Sarepta Therapeutics, Inc. (SRPT)

Sarepta Therapeutics' stock price has experienced significant volatility. As of November 25, 2025, the share price was $19.36, a substantial decline from $130.50 on November 26, 2024. Key events impacting the stock price include the FDA approval and label expansion for Elevidys, negative clinical updates and safety concerns, FDA restrictions and safety warnings for Elevidys, progress in the SRP-1003 study, and mixed analyst ratings.

Direct information explicitly detailing demand seasonality for Sarepta Therapeutics' products and services is not readily available. There might be observable seasonal patterns in the company's stock performance, which could indirectly reflect market expectations or other factors that might be influenced by seasonality. The nature of rare disease treatments might suggest less pronounced seasonality in patient demand compared to seasonal consumer goods.

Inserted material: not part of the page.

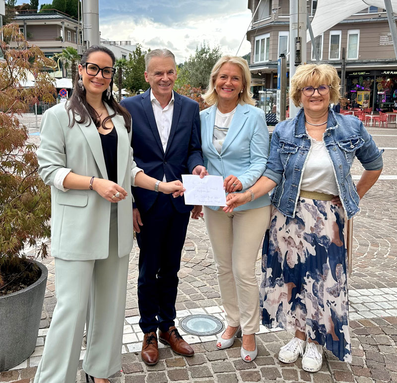Der neue Wirtestammtisch – mit seiner beherzten Initiatorin Renate Wrann – konnte heuer die Idee zum „1.Veldener Indian Summer Street Festival“ mit viel Livemusik, Straßenkunst und Kulinarik fulminant umsetzen. Ein köstliches Highlight war der 22 Meter lange Apfelstrudel, der von Elfi Wrann in insgesamt 18 Stunden gebacken worden war. Der Reinerlös von 1.900 Euro wurde an Bürgermeister Ferdinand Vouk für soziale Zwecke übergeben. Von links Desiree Strohmayer, Vouk, GR Dr. Margit Heissenberger und Adelheid Weritz.

Sarepta Therapeutics, Inc. is a commercial-stage biopharmaceutical company specializing in precision genetic medicines for rare diseases, particularly Duchenne muscular dystrophy (DMD). Sarepta operates within the biotechnology sector and the pharmaceuticals and healthcare industry, leveraging its Precision Genetic Medicine Engine, which includes gene therapy, RNA-targeted therapeutics, and gene editing. Its core business segments involve RNA-based therapies utilizing exon-skipping technology and gene therapy. Major approved products for the treatment of Duchenne muscular dystrophy include EXONDYS 51 (eteplirsen) Injection, VYONDYS 53 (golodirsen) Injection, AMONDYS 45 (casimersen) Injection, and ELEVIDYS. Sarepta's pipeline includes approximately 40 programs at various stages of discovery, pre-clinical, and clinical development, addressing a range of diseases and disorders such as Duchenne, Limb-girdle muscular dystrophies (LGMDs), and other neuromuscular and central nervous system (CNS) related disorders.

Sarepta Therapeutics has a global presence with corporate offices and research facilities in Cambridge, Massachusetts, United States. The company also has international offices in Europe, specifically in Ireland, Switzerland, and the United Kingdom.

Sarepta Therapeutics' brand reputation has been influenced by its clinical trial outcomes and regulatory interactions, particularly concerning its Duchenne muscular dystrophy (DMD) therapies. Clinical setbacks and safety concerns, such as patient deaths and the FDA Boxed Warning for Elevidys, have negatively impacted its reputation. Positive clinical progress, such as the progress in the Phase 1/2 study of SRP-1003 for type 1 myotonic dystrophy (DM1) and the expanded label for Elevidys, have been viewed favorably.

Sarepta Therapeutics, Inc. is predominantly owned by institutional shareholders, who hold a significant portion of the company's stock. Major institutional owners include BlackRock, Inc., Vanguard Group Inc., and State Street Corp. Individual investors hold a smaller percentage of the stock. Black Bear Offshore Master Fund LP is noted as the largest individual shareholder.